- _INFORMATION SUPPLIED_:
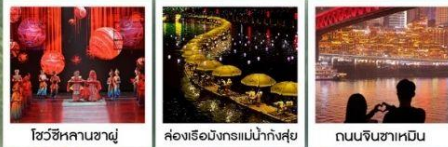
โชว์ซีหลานซาตู้
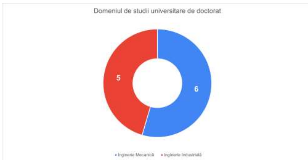
Număr respondenți pe domenii de studii universitare de doctorat

studenților doctoranzi cu privire la calitatea activităților didactice și de cercetare desfășurate în cadrul. Au fost obținute următoarele rezultate cantitative:
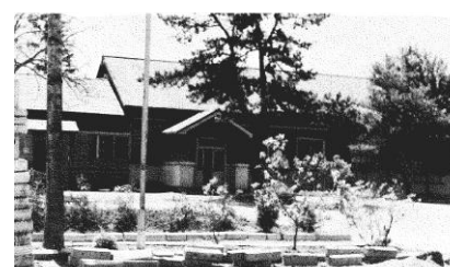
協和小学校（昭和10年～昭和51年）
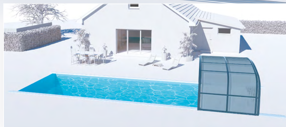
LES MODULES PEUVENT ÊTRE EMPILÉS AU-DELÀ DU BASSIN
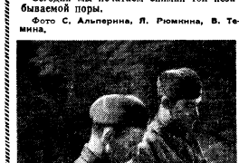
М. Шолохов и Е. Петров на Западном фронте (1941 г.)
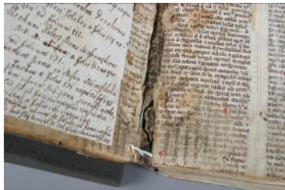
Stará oprava hedvábnou nití

- _EXERCISE_:
Transcribe the whole listing, character for character, but not its images.

- _OUTPUT OF THE TASK_:
โชว์ซีหลานซาตู้
Număr respondenți pe domenii de studii universitare de doctorat

studenților doctoranzi cu privire la calitatea activităților didactice și de cercetare desfășurate în cadrul. Au fost obținute următoarele rezultate cantitative:
協和小学校（昭和10年～昭和51年）
LES MODULES PEUVENT ÊTRE EMPILÉS AU-DELÀ DU BASSIN
М. Шолохов и Е. Петров на Западном фронте (1941 г.)
Stará oprava hedvábnou nití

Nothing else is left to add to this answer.